» Exercise details:
Images are to be left out when the records below are printed word for word.

» Material supplied:
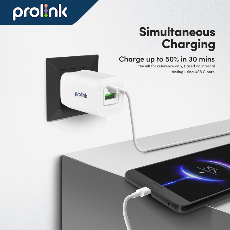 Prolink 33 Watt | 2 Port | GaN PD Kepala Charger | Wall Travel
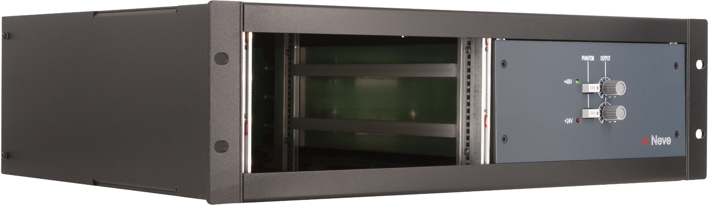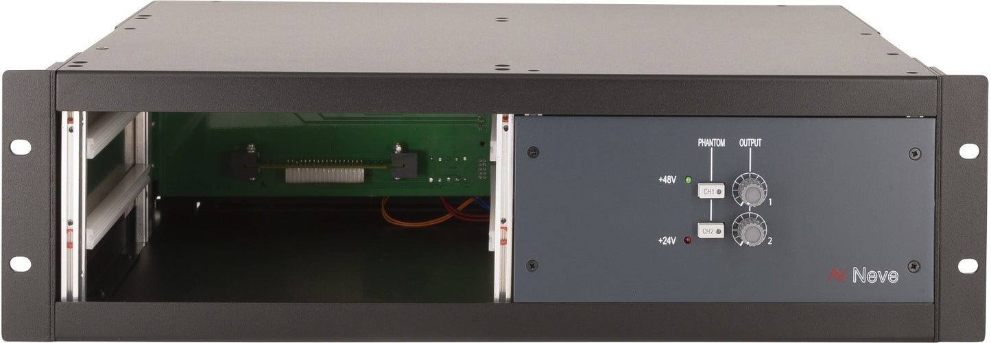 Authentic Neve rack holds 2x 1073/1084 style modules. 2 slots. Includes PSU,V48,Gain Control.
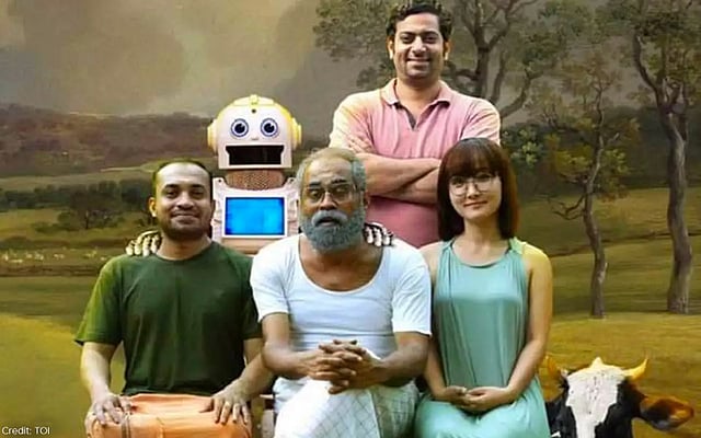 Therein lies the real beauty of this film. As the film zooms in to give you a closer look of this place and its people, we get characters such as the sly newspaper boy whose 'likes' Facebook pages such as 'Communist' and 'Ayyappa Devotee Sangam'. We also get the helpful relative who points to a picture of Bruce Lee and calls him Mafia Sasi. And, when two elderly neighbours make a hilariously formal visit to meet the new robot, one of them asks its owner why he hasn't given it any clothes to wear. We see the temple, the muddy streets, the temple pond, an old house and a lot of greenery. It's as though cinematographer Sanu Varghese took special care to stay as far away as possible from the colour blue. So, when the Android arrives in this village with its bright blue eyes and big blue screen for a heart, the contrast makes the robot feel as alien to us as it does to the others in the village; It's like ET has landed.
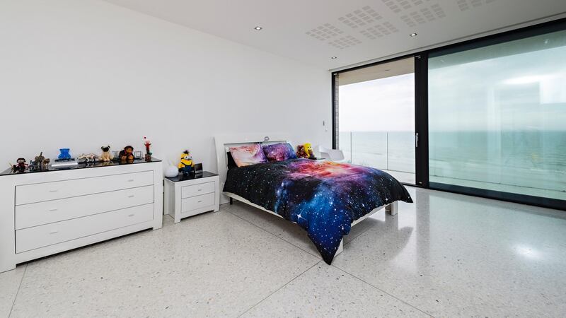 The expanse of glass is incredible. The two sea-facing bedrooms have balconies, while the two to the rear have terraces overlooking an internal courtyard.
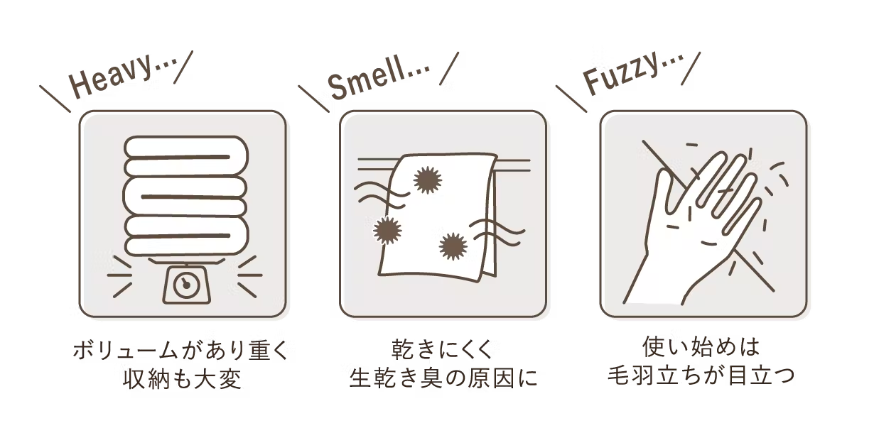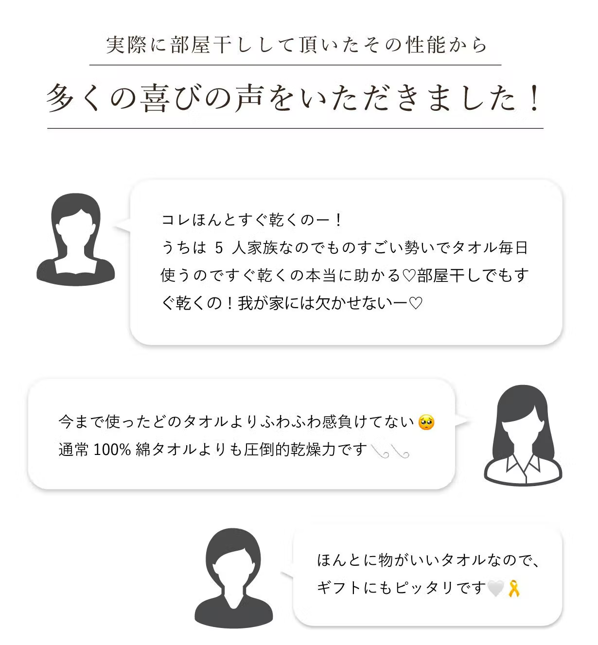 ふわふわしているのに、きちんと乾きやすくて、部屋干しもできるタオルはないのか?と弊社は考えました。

» Response box:
 Prolink 33 Watt | 2 Port | GaN PD Kepala Charger | Wall Travel
 Authentic Neve rack holds 2x 1073/1084 style modules. 2 slots. Includes PSU,V48,Gain Control.
 Therein lies the real beauty of this film. As the film zooms in to give you a closer look of this place and its people, we get characters such as the sly newspaper boy whose 'likes' Facebook pages such as 'Communist' and 'Ayyappa Devotee Sangam'. We also get the helpful relative who points to a picture of Bruce Lee and calls him Mafia Sasi. And, when two elderly neighbours make a hilariously formal visit to meet the new robot, one of them asks its owner why he hasn't given it any clothes to wear. We see the temple, the muddy streets, the temple pond, an old house and a lot of greenery. It's as though cinematographer Sanu Varghese took special care to stay as far away as possible from the colour blue. So, when the Android arrives in this village with its bright blue eyes and big blue screen for a heart, the contrast makes the robot feel as alien to us as it does to the others in the village; It's like ET has landed.
 The expanse of glass is incredible. The two sea-facing bedrooms have balconies, while the two to the rear have terraces overlooking an internal courtyard.
 ふわふわしているのに、きちんと乾きやすくて、部屋干しもできるタオルはないのか?と弊社は考えました。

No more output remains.